Central sensitisation
Central sensitisation is a process of amplifying and maintaining nociceptive input. It can be either helpful (ensuring protection of an injured body part) or harmful (as part of self-sustaining chronic neuropathic pain). Sustained activity from the C fibres, either from severe tissue injury, ongoing inflammation or peripheral nerve injury, results in changes in receptor responsiveness and excitability of the dorsal horn neurone. As a result, the threshold for excitation of the second-order neurone is lower, and sensory fibres entering the nervous system from areas adjacent to the injured area are able to trigger a nociceptive response even though the tissue they supply is not injured. This explains how the cutaneous zone of secondary hyperalgesia is found to be wider than that for the primary response—that is, noninflamed areas adjacent to the wound become sensitive. In essence, secondary hyperalgesia involves a widening and amplification of the central nervous system response to stimuli from and around the injured or inflamed area.
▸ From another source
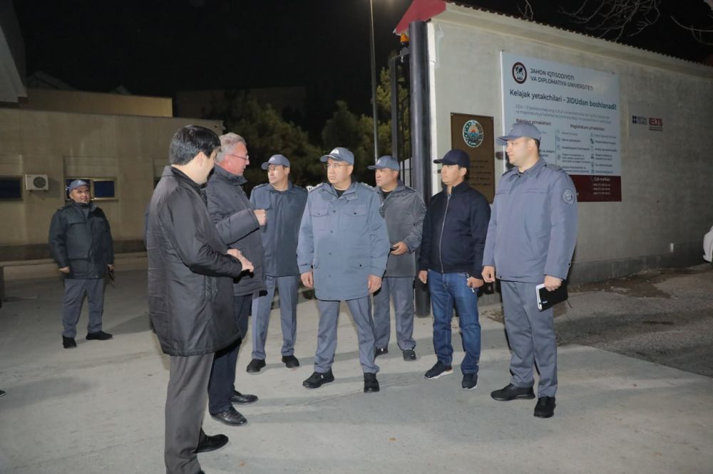 Ўрганишлар давомида Мирзо Улуғбек тумани “Янги Олмачи” маҳалласида жойлашган “Жаҳон иқтисодиёти ва дипломатия университети” ётоқхонасидаги хавфсизликка оид шароитлар, электр ва иссиқлик энергияси таъминоти ҳамда авариявий ҳодисаларни олдини олиш ва бартараф этиш чоралари ўрганилди. Фаол талабалардан ташкил топган “Қалқон” гуруҳи иштирокчилари билан суҳбатлашилди.

Central sensitisation also involves temporal summation or ‘wind-up’ if the input from C-fibre activity is sufficiently intense and prolonged. With sustained release of substance P at the first central synapse, intracellular kinases (especially protein kinase C) are activated in the second-order neurones, causing phosphorylation of the N-methyl-D-aspartate (NMDA) receptor. Phosphorylation enables glutamate to open this channel, thus significantly amplifying the influx of calcium and increasing the likelihood of impulse propagation. The dorsal horn neurone is now likely to respond to what would previously have been subthreshold inputs. The pain pathways are now ‘wound up’, and small stimuli result in large responses. Prevention of NMDA-receptor activation using drugs such as ketamine has been shown experimentally to stop wind-up from occurring and to decrease central sensitisation (see Pre-emptive analgesia).
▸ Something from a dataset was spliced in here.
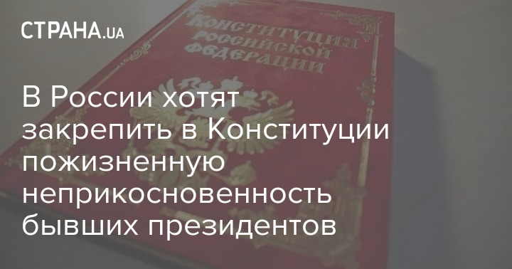 В Конституцию РФ предлагают внести пункт о неприкосновенности экс-президентов. Об этом сообщили в рабочей группе по подготовке предложений по изменению основного документа страны, передает РИА "Новости"

Wide dynamic range neurones
The mechanisms for widening of the receptive field near the injury may also involve wide dynamic range neurones, which are located deeper in the dorsal horn, typically in the region of lamina V. They receive inputs from a variety of noxious (eg A-delta, C) and non-noxious (eg A-beta) sources. Referred pain, the dermatomal projection of visceral pain, results from the convergence of inputs on neurones such as wide dynamic range neurones in these deeper laminae. Wide dynamic range neurones also demonstrate ‘wind-up’ by increasing their discharge rate until it becomes almost continuous.
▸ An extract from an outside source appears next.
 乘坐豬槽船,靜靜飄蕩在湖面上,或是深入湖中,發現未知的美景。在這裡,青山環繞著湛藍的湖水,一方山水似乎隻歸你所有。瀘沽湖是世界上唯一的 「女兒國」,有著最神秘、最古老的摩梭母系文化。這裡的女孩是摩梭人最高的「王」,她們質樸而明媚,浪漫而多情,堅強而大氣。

Wide dynamic range neurones may provide the basis of the important ‘gate control’ theory of pain. This theory proposed, in part, that afferent input from non-noxious sensory receptors could decrease the passage of noxious input entering the same neural pathway by activating inhibitory presynaptic interneurones in the substantia gelatinosa. This may be the mechanism of the pain relief obtained by rubbing an area near to an injury, or using transcutaneous electrical stimulation (TENS), or acupuncture.
Pre-emptive analgesia
Central sensitisation is initiated during the initial intense afferent neurological barrage (eg following trauma or during surgery under general anaesthesia). ‘Pre-emptive analgesia’ is a therapeutic strategy that has arisen following the discovery in laboratory experiments that a reduction in central hypersensitivity and plasticity (‘wind-up’) occurred when analgesic drugs were administered before the nociceptive event. In practice, it is not feasible to markedly reduce all nociceptive input associated with surgery and, not surprisingly, the results of clinical studies over the last 10 to 15 years have been inconsistent.
Pre-emptive analgesia is frequently misunderstood to mean that starting an analgesic strategy before surgery will automatically result in profoundly decreased pain and analgesic requirements following the procedure. Although this is to some extent true, pre-emptive analgesia actually refers to a process initiated before an acute nociceptive stimulus (the surgery) that prevents central nervous system sensitisation (central hypersensitivity). Therefore, to be most effective, pre-emptive analgesia strategies must interact with all sites of nociceptive input into the spinal cord—wound infiltration with local anaesthetics will not block inputs from deeper structures, and epidural analgesics may not block all relevant dermatomes or autonomic nociceptive pathways. Importantly, the period of intense nociceptive input may continue well into the postprocedural period, and be heightened by peripheral sensitisation (including inflammatory processes). Thus the treatment used should extend in time to cover this stimulus as well. To achieve this level of control of central sensitisation is very difficult in clinical practice, which explains why the treatment effect seen in many studies is small or absent despite encouraging laboratory work.
Fortunately, blocking nociception or giving analgesics early is effective in decreasing subsequent analgesic requirements, even if sensitisation is not fully prevented. This is called ‘preventive analgesia’, and is characterised by drug effects working beyond their expected intensity or duration. Preventive analgesia has been shown to occur with local anaesthetic techniques (given before surgery), and in some studies with ketamine and dextromethorphan. The effectiveness of opioids and NSAIDs in this role has been less consistently shown.